TASK TO CARRY OUT :: Could you restate word for word only the lines below from the one holding "Elevate your style" to the one holding "Explicit(显示) type argument", inclusive, and leave out the pictures?

─── SUPPLIED DATA

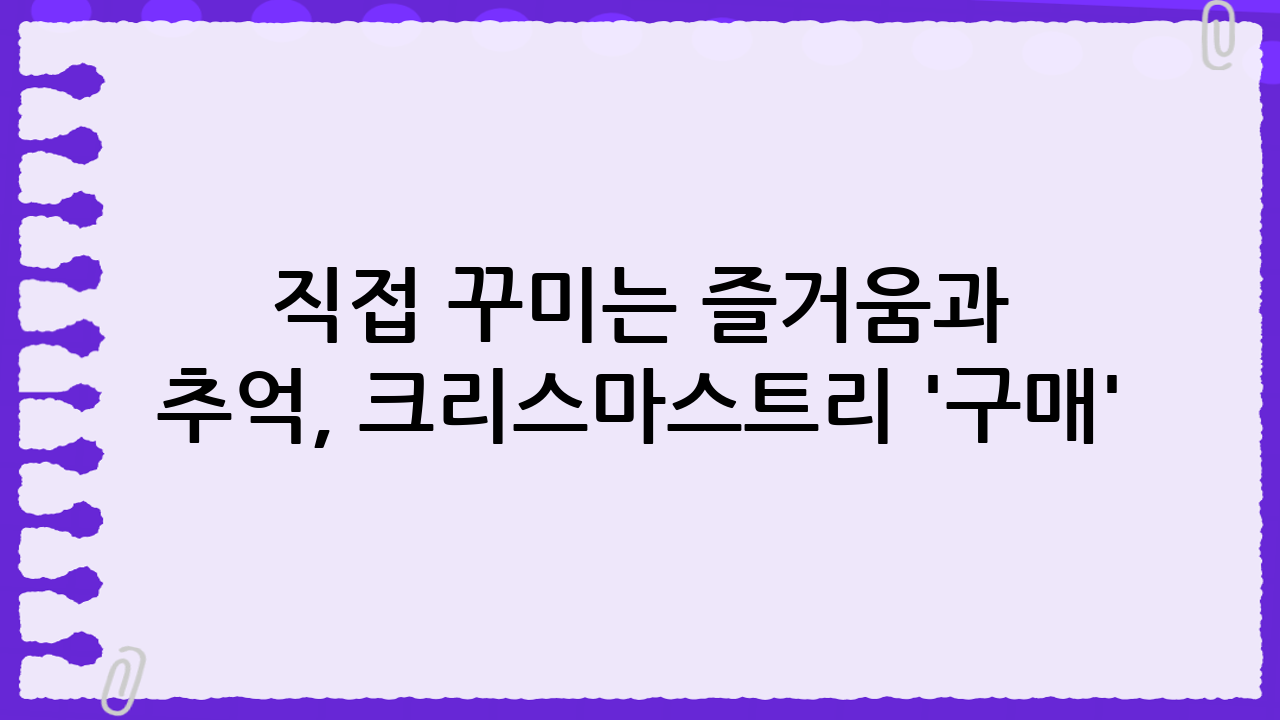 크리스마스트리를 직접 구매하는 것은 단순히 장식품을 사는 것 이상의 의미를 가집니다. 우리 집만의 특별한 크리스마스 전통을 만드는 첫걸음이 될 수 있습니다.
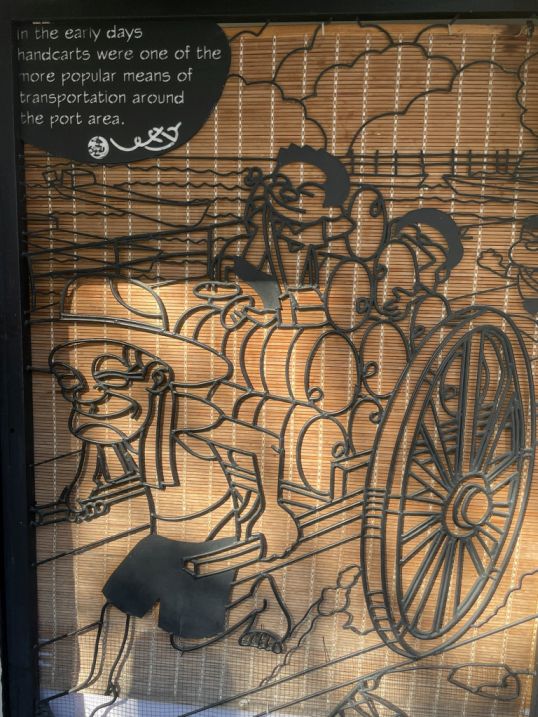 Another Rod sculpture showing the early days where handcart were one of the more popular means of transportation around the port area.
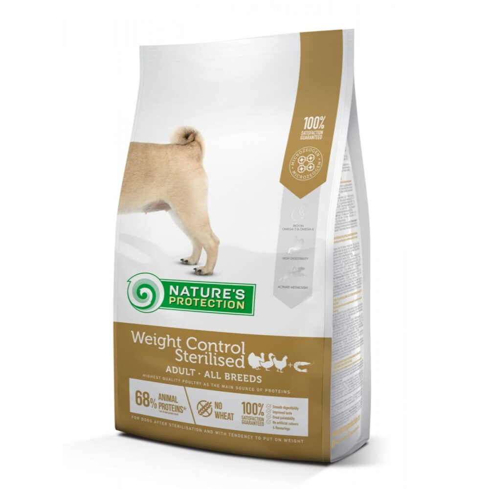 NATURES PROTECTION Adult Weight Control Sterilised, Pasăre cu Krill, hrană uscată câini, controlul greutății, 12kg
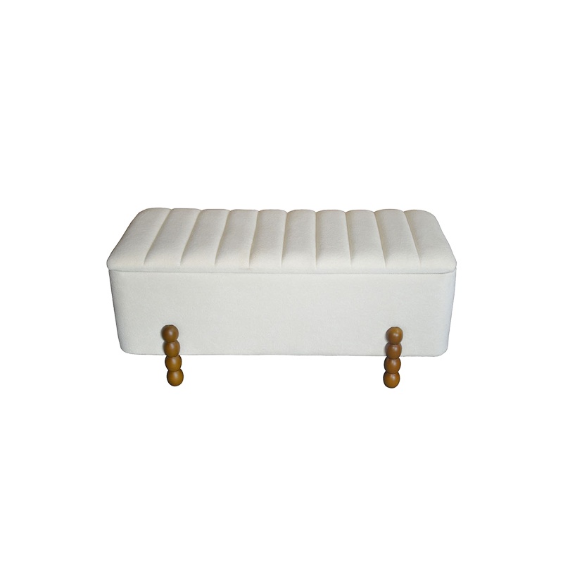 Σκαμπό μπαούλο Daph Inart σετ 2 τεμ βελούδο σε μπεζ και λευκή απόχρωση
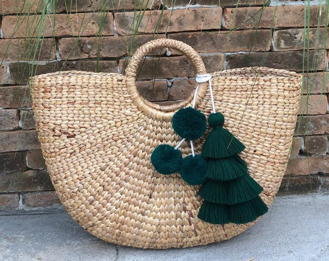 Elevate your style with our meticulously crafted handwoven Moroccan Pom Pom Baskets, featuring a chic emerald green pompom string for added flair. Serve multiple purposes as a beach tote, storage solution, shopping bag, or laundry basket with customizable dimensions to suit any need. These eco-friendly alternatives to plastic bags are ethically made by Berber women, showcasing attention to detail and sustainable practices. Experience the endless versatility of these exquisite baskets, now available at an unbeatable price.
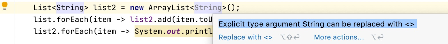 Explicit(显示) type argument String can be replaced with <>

──────
─── SUPPLIED DATA

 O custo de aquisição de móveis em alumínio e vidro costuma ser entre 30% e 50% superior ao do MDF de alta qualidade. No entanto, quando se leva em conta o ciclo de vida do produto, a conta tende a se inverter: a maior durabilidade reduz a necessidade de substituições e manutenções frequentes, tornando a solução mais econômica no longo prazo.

──────
─── SUPPLIED DATA

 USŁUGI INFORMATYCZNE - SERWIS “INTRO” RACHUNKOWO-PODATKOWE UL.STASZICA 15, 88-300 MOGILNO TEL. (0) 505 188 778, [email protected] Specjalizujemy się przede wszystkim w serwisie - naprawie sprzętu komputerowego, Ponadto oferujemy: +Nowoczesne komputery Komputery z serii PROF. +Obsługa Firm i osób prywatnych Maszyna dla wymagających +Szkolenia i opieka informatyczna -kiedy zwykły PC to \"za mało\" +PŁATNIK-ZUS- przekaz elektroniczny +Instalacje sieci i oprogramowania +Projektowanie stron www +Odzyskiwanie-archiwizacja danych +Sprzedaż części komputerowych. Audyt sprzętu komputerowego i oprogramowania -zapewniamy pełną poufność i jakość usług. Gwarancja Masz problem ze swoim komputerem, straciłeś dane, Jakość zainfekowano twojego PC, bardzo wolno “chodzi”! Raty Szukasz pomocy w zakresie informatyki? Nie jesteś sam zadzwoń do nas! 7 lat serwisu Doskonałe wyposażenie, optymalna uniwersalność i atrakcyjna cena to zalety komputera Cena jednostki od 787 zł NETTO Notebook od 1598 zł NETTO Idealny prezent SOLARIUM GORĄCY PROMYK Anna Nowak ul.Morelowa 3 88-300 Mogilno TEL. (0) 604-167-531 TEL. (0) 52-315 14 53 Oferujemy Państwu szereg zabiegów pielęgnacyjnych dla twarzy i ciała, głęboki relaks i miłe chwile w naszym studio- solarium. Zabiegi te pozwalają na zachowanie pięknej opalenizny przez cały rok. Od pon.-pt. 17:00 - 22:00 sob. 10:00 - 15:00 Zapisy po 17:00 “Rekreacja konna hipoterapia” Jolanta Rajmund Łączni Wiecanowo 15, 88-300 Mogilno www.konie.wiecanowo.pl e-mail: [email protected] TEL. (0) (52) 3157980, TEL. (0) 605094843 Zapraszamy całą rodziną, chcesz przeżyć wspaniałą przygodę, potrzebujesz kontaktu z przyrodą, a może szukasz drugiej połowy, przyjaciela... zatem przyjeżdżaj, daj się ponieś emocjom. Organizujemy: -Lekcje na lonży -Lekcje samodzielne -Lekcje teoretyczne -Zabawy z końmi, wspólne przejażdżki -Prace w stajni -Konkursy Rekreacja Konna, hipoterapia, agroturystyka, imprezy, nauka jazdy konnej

──────

RESULT OF THE EXERCISE ::
 Elevate your style with our meticulously crafted handwoven Moroccan Pom Pom Baskets, featuring a chic emerald green pompom string for added flair. Serve multiple purposes as a beach tote, storage solution, shopping bag, or laundry basket with customizable dimensions to suit any need. These eco-friendly alternatives to plastic bags are ethically made by Berber women, showcasing attention to detail and sustainable practices. Experience the endless versatility of these exquisite baskets, now available at an unbeatable price.
 Explicit(显示) type argument String can be replaced with <>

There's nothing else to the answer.